(ASSIGNMENT)
From the records below, please repeat exactly the line that has "Modern Christmas Florals", the line that has "外雪輪に二文字(2)紋は、筆", and every line between them, and nothing else.
(THE DATA Opens)
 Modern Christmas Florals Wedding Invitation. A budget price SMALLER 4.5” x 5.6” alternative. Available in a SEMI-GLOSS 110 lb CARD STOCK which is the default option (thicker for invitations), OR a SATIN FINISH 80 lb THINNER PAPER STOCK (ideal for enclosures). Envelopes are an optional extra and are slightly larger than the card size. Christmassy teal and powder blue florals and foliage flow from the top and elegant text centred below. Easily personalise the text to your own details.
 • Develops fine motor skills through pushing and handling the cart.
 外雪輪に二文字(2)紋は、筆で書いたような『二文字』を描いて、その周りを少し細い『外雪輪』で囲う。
(THE DATA Closes)
(THE DATA Opens)
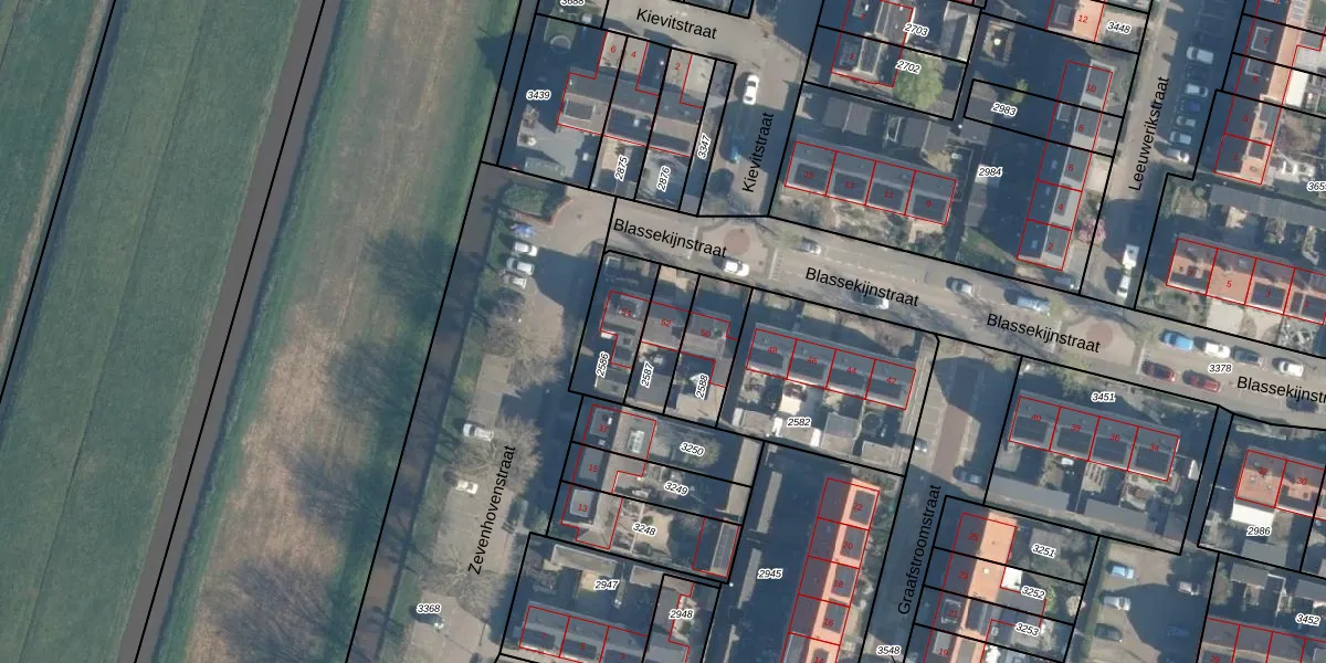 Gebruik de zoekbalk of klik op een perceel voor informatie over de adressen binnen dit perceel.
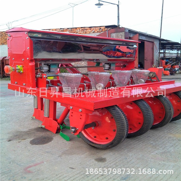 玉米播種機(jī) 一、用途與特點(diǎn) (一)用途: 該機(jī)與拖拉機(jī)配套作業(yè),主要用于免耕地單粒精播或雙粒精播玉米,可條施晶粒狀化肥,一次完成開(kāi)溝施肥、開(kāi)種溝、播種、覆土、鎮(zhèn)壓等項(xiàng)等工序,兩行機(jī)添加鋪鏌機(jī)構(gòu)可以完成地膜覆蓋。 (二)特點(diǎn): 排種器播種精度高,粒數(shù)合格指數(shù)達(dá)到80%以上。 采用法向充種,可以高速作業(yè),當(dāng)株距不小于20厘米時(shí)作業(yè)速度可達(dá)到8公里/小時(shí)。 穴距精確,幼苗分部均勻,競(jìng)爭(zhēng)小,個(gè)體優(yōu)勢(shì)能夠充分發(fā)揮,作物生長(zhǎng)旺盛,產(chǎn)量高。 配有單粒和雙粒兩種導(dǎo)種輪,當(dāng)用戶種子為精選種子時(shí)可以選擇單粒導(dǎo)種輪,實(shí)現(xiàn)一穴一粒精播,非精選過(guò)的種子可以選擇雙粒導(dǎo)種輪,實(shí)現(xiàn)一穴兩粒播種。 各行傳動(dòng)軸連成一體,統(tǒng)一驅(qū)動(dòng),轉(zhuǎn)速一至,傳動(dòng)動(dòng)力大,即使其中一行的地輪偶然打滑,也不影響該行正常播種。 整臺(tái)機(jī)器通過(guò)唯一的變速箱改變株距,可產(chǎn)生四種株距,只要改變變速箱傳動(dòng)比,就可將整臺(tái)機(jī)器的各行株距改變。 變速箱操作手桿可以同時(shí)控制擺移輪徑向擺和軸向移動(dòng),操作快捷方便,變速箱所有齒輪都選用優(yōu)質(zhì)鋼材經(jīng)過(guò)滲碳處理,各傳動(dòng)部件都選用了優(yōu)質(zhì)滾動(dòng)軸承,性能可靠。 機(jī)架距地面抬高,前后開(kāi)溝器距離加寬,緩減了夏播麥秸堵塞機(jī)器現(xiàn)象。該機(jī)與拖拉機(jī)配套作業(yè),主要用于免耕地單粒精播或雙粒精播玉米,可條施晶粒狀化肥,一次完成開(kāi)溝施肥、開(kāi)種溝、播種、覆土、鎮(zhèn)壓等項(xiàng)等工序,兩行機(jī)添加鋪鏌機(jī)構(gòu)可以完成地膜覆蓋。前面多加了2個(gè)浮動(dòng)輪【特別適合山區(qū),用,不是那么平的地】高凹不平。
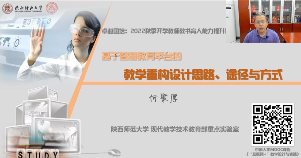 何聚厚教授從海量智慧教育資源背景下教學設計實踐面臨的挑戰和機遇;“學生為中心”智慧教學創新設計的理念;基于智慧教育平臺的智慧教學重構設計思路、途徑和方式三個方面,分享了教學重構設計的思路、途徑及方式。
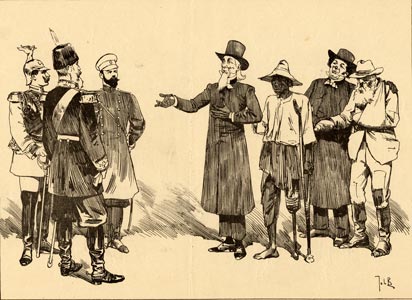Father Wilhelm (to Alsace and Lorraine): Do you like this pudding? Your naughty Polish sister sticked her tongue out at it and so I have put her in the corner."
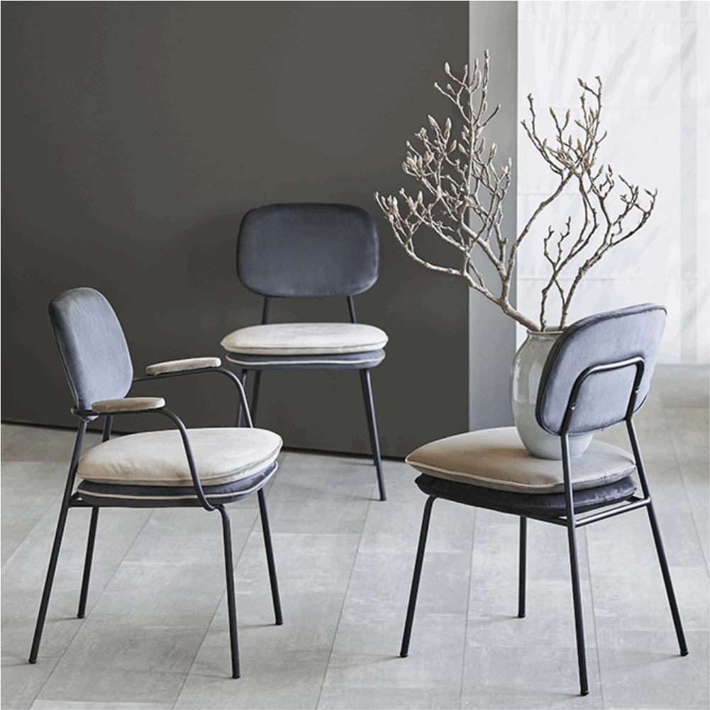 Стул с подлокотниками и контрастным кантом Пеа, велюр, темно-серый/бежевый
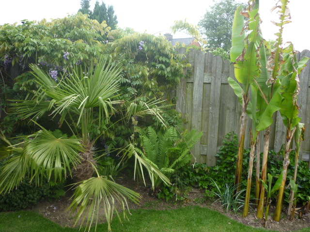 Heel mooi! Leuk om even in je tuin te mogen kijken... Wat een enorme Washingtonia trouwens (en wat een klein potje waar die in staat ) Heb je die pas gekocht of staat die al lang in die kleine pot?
(THE DATA Closes)
(RESULT OF THIS TASK)
 Modern Christmas Florals Wedding Invitation. A budget price SMALLER 4.5” x 5.6” alternative. Available in a SEMI-GLOSS 110 lb CARD STOCK which is the default option (thicker for invitations), OR a SATIN FINISH 80 lb THINNER PAPER STOCK (ideal for enclosures). Envelopes are an optional extra and are slightly larger than the card size. Christmassy teal and powder blue florals and foliage flow from the top and elegant text centred below. Easily personalise the text to your own details.
 • Develops fine motor skills through pushing and handling the cart.
 外雪輪に二文字(2)紋は、筆で書いたような『二文字』を描いて、その周りを少し細い『外雪輪』で囲う。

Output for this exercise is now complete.